The folder tests/recipes is introduced for tracking all the recipes and their connected resources (e.g., HuggingFace repo, README files, recipe folders, etc).
Each CSV file in that folder corresponds to one recipe dataset and enlists depending recipe tests.
When you write a new recipe (e.g., recipes/your_dataset/) you need to:
- ensure the CSV file
tests/recipes/your_dataset.csvexists (simply copy the header from another CSV) - add a new line to the
tests/recipes/your_dataset.csv.
More specifically, you have to fill the following fields:
- Task (mandatory):
The task that the recipe is addressing (e.g..

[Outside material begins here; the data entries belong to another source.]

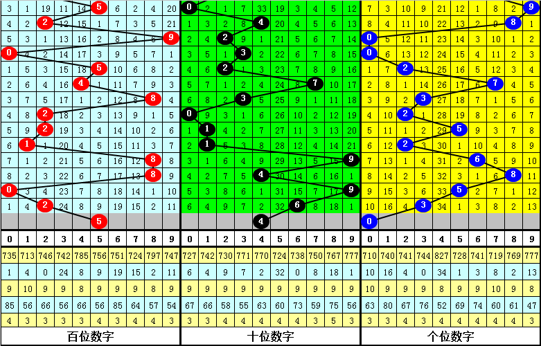 个位分析:上期开出号码3,近10期个位号码012路比为3:1:6,其中0路号码走冷2期之后出现,本期预计个位再出0路号码,一码关注0。
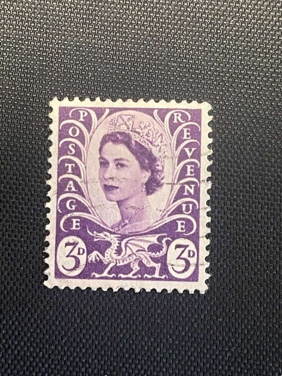 【英国】ウェールズ地方切手 3ペンス エリザベス女王 使用済(管理番号EST6115)
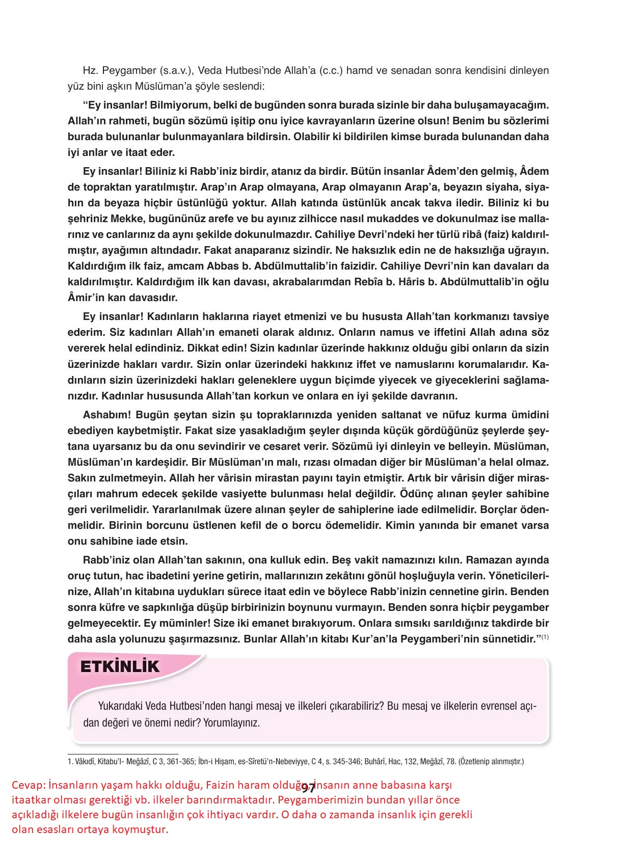6. Sınıf Din Kültürü ve Ahlak Bilgisi Ders Kitabı Dörtel Yayınları Sayfa 97 Cevapları
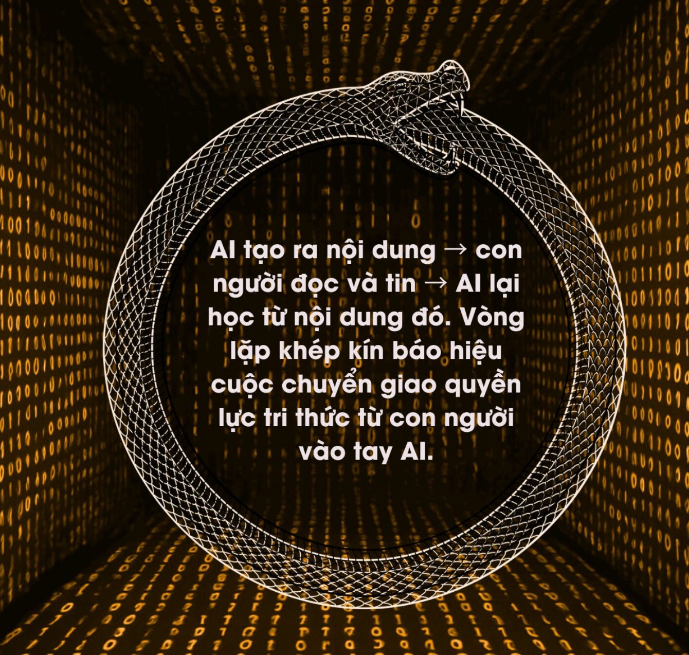 Tóm lại, quyền lực tri thức giờ đây trở thành một vòng lặp kín (closed loop). AI tạo ra nội dung → Con người đọc và tin → AI lại học từ nội dung đó. Đây là một dạng “thống soát của cái trung bình” được thực thi bằng máy móc.
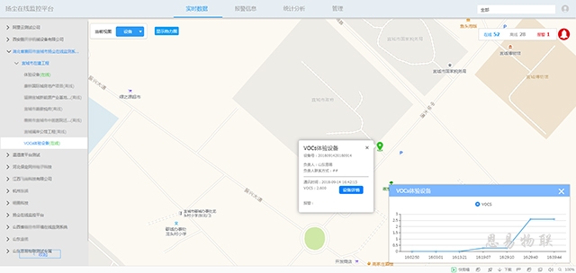 1)可结合电子地图确切的知道每个设备所在位置,方便用户直观查看区域内所有监测点的部署情况和环境质量状况。
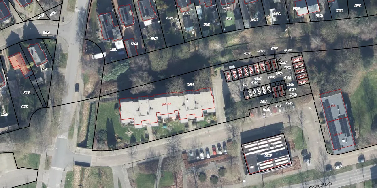 Het perceel waarop Edisonlaan 220 staat heeft een oppervlakte van 2899 m². Dit is een zeer groot perceel. De perceeloppervlakte wordt geregistreerd door het Kadaster. Gedetailleerde informatie over de maten van dit perceel kunt u vinden in het rapport Kadastrale kaart met maatvoering van Edisonlaan 220.
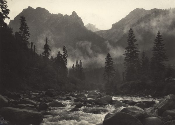 VYSOKÉ TATRY Pohľad z Bielovodskej doliny na Skorušniak (1804 m, vľavo) a Vyšný Žabí Štít (2259 m) nad Žabou dolinou Bielovodskou.

ASR). - Dataset (mandatory):
Dataset of the recipe (e.g.
LibriSpeech). - Script_file (mandatory):
Training script of the recipe (e.g.,
recipes/LibriSpeech/ASR/CTC/train_with_wav2vec.py) - Hparam_file (mandatory):
Hyperparameter file of the recipe (e.g.,
recipes/LibriSpeech/ASR/CTC/hparams/train_with_wav2vec.yaml) - Data_prep_file (optional):
Data preparation file (e.g.,
recipes/LibriSpeech/librispeech_prepare.py) - Readme_file (mandatory):
Readme file describing the recipe (e.g.,
recipes/LibriSpeech/ASR/CTC/README.md) - Result_url (mandatory):
URL where the output folder is stored (e.g.,
https://www.dropbox.com/sh/qj2ps85g8oiicrj/AAAxlkQw5Pfo0M9EyHMi8iAra?dl=0). Note that with SpeechBrain we would like to make available the full output folder to the users. The output folder contains the logs, checkpoints, etc that help users debug and reproduce the results. Make sure this URL is mentioned in the README file. - HF_repo (optional):
Link to the HuggingFace repository containing the pre-trained model (e.g.,
https://huggingface.co/speechbrain/asr-wav2vec2-librispeech). If specified, it must be mentioned in the README file. - test_debug_flags (optional):
This optional field reports the flags to run recipe tests (see
tests/.run-recipe-tests.sh). The goal of the recipe tests is to run an experiment with a tiny dataset and 1-make sure it runs 2-make sure it overfits properly. For instance,--data_folder=tests/samples/ASR/ --train_csv=tests/samples/annotation/ASR_train.csv --valid_csv=tests/samples/annotation/ASR_train.csv --test_csv=[tests/samples/annotation/ASR_train.csv] --number_of_epochs=10 --skip_prep=Truewill run an experiment with the given train and hparams files using a tiny dataset (ASR_train.csv) - test_debug_checks (optional)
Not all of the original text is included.